With Iraqi doctors fleeing, prognosis is more agonyMonday, April 03, 2006
BY JAMES PALMER
FOR THE STAR-LEDGER
"This young patient is in a bad situation," says Mothannd Al-Kuraishi, a physician at the Ibn al-Betar Cardiac Hospital in central Baghdad, as he approaches the infant.
Batul, a 9-month-old girl, lay on a bed last Sunday in the hospital's pediatric ward, her chest heaving with the struggle to inhale oxygen from a mask covering her face. An intravenous drip is taped to her left wrist and a pair of electrodes is plastered to her chest; other tubes, cords and wires swirl around her diminutive body.

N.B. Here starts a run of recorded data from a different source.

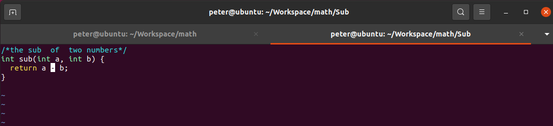 1)、在math目錄下,創(chuàng)建一個(gè)子目錄:Sub,并創(chuàng)建一個(gè)sub.c文件,文件的內(nèi)容如下: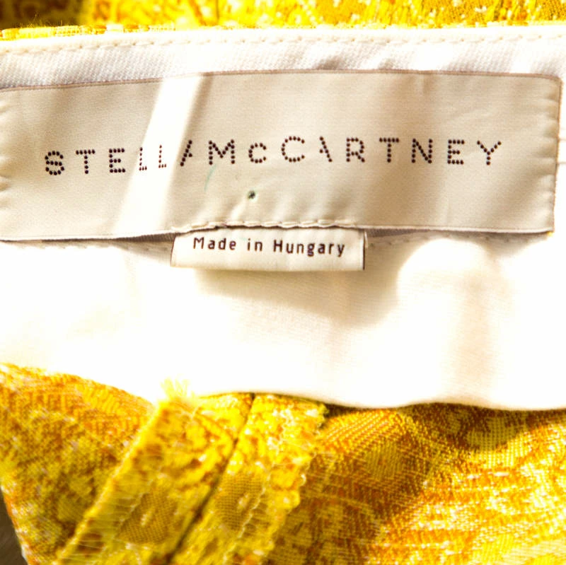 Flaunt these trousers from Stella McCartney. and make a statement everywhere you go. Crafted from cotton, it carries a bright yellow hue. It has a beautiful jacquard pattern throughout that adds interest. These tapered pants are styled with a zip closure, three pockets and a good fit. Pair with simple blouses and kitten heels for a polished look.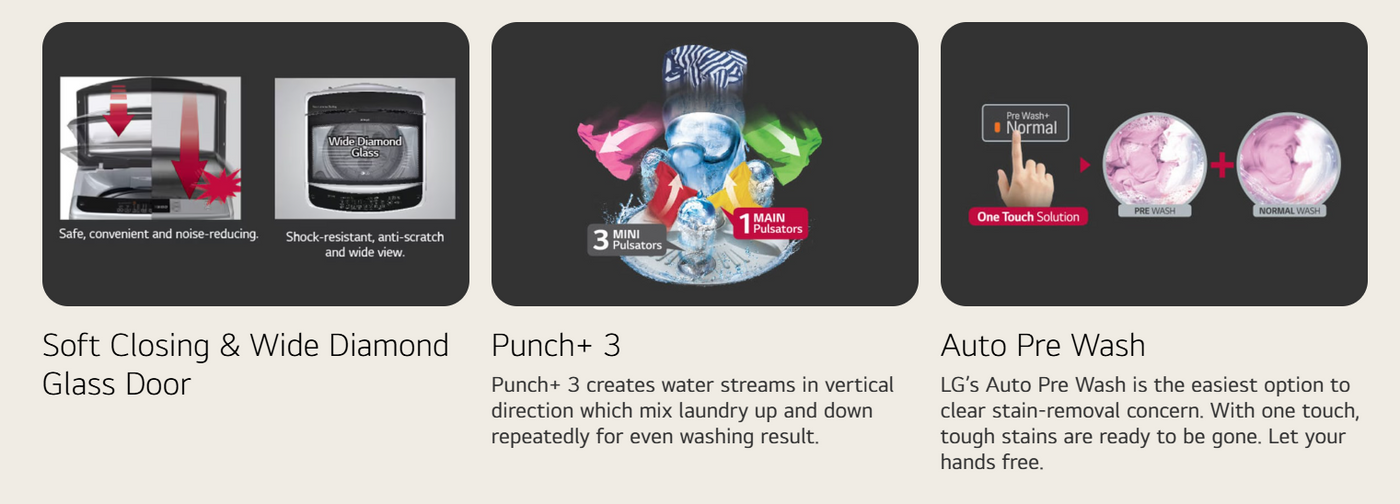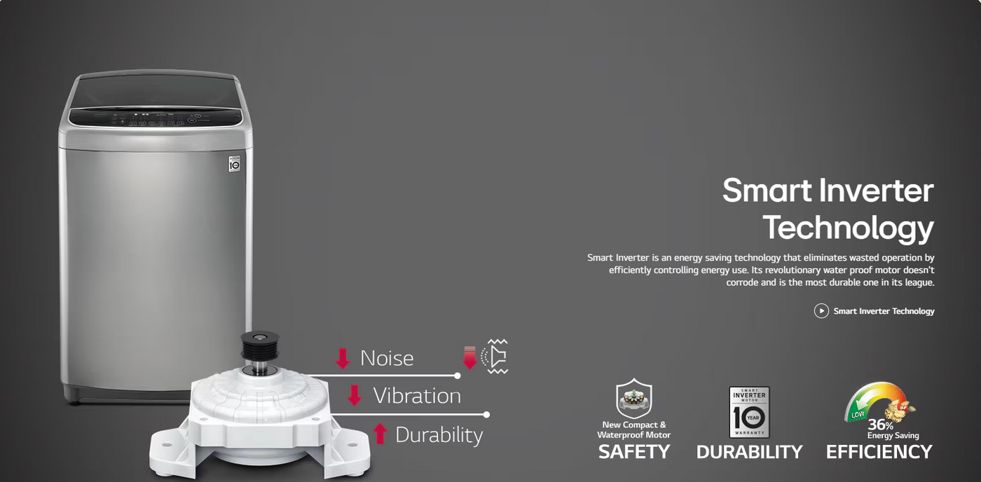 Efficiently tackle your laundry with the LG 8Kg Top Load Washing Machine. The innovative Smart Inverter Motor ensures powerful washing while saving energy. With Turbodrum and Auto Pre Wash, get a thorough clean every time. Soft Closing Door and Smart Diagnosis add convenience to your laundry routine.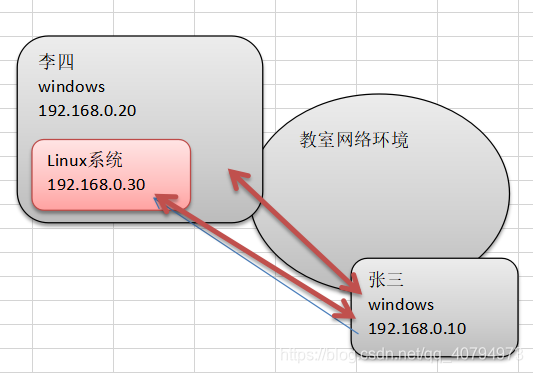 李四在他的电脑上装了一个虚拟机,网络连接方式设置的是使用桥接网络,这样的话他装的虚拟机的ip地址也在192.168.0.x 这个网段上。假设李四安装的Linux系统的ip地址为192.168.0.30,那么现在李四既可以和张三的Windows系统直接通信,也可以和他在虚拟机里面安装的Linux系统直接通信。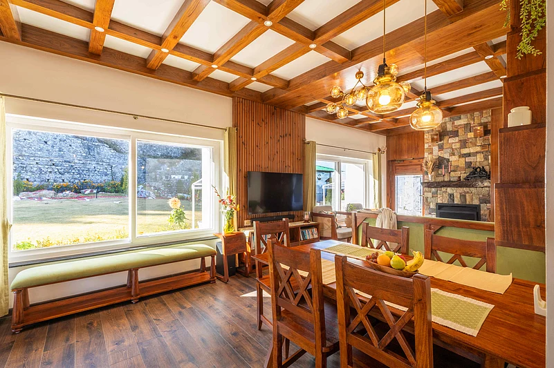 I reached Barefoot on a pleasant April afternoon. As the wind ruffled the juniper trees in the yard, the staff passed around locally-source fresh-pressed juice. A Garhwali topi was also presented to mark our welcome. Inside, old tunes from a caravan radio punctuated the serene silence of the property. Despite a stunning panoramic view of the Himadri range, the interiors will draw you in. With warm lights and premium wooden flooring, the property appeared to be a cosy cross between a luxury space and a homely interior. It currently consists of three large rooms and an ambient living space.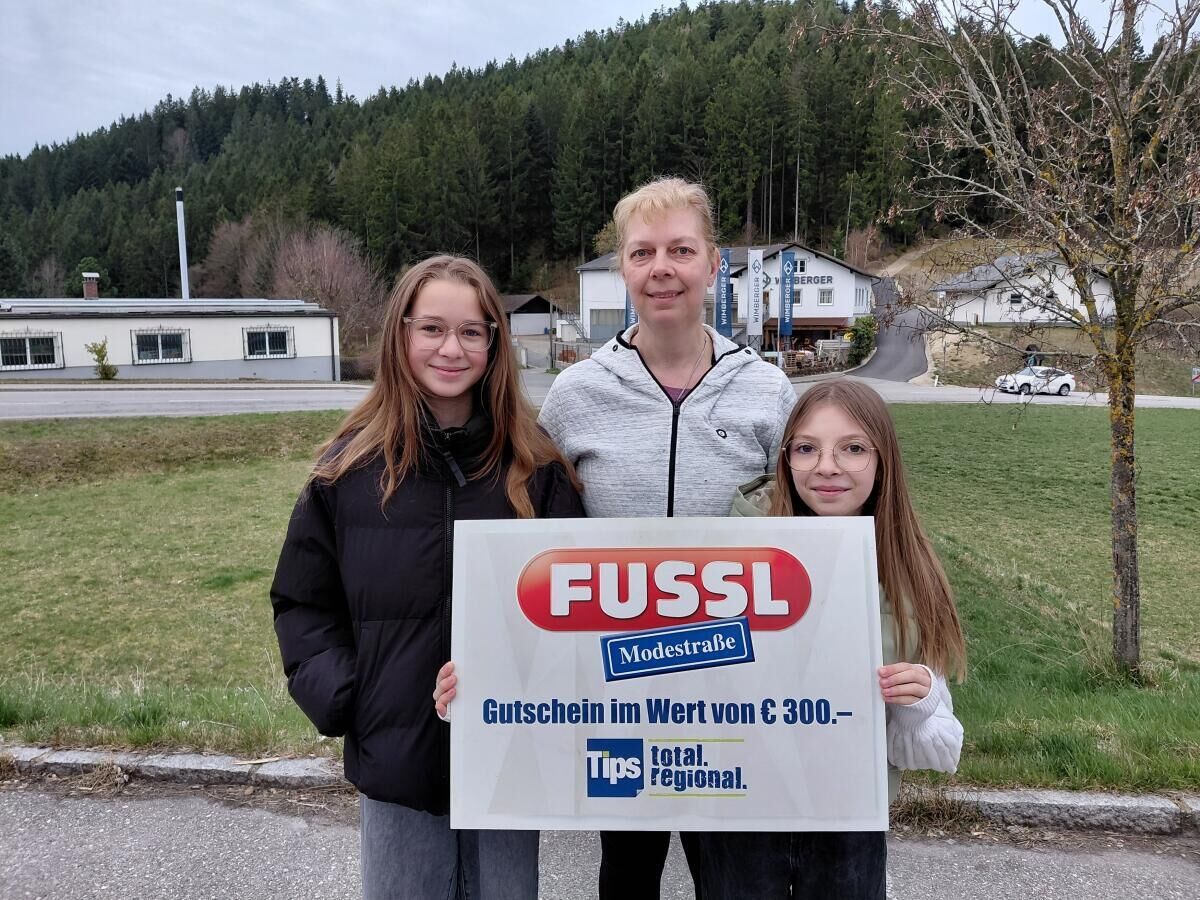 Auf die Frage nach ihrer Lieblingszeitung wusste Birgit Fixl natürlich die richtige Antwort: „Tips“. Sie darf sich über einen Fussl-Einkaufsgutschein im Wert von 300 Euro freuen.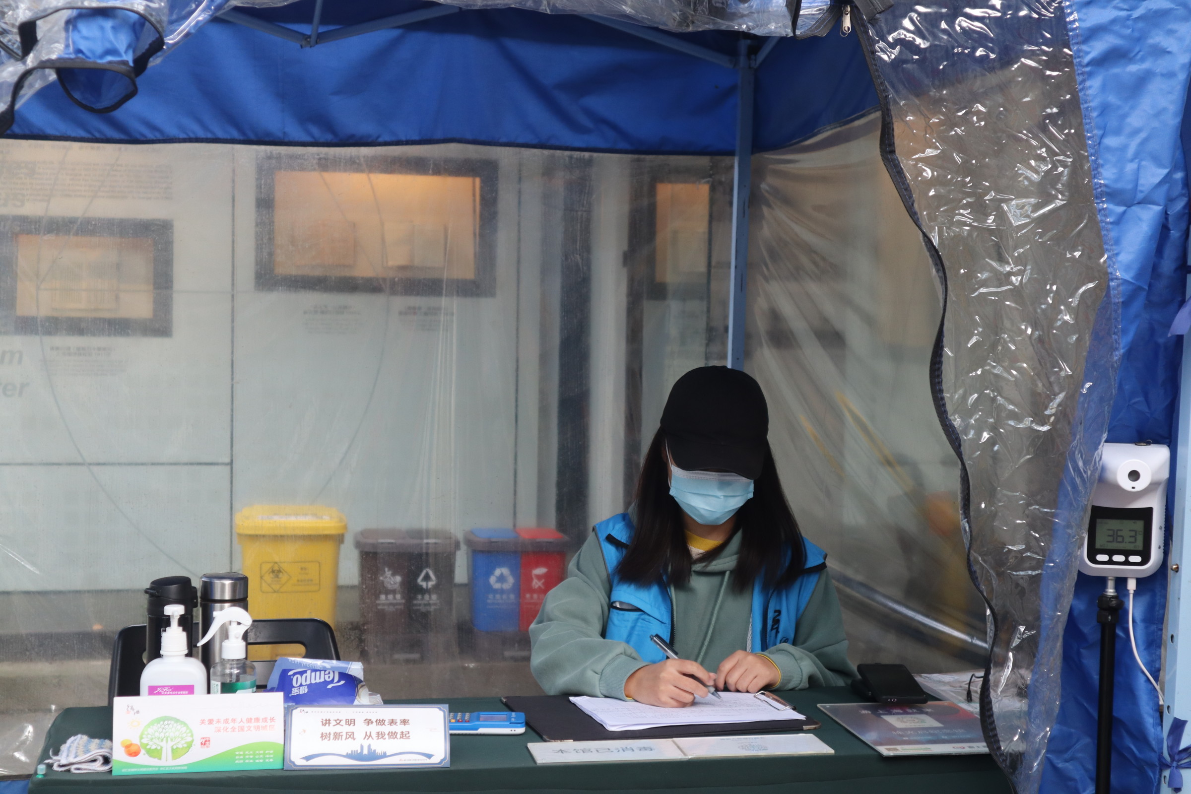 志愿者在准时到达纪念馆后,首先进行了工作签到,并进行防疫消毒,与其他工作人员进行工作交接,开始自己的志愿服务。

Asmara Ali, 30, dabs her daughter's forehead with a cold cloth while her husband and the little girl's father, Amer Abbas, 35, stoically stands beside Batul's bed, stroking her sweat-soaked head.
A monitor above the child displays a nearly flat yellow line. An occasional jump indicates her weak and irregular heartbeat.
The diagnosis is a rare congenital heart defect.
The prognosis is death.
"She probably won't live through the day," Al-Kuraishi, a cardiologist, says softly in English, in consideration of Batul's parents. "An expert surgeon could save her, but we no longer have any here."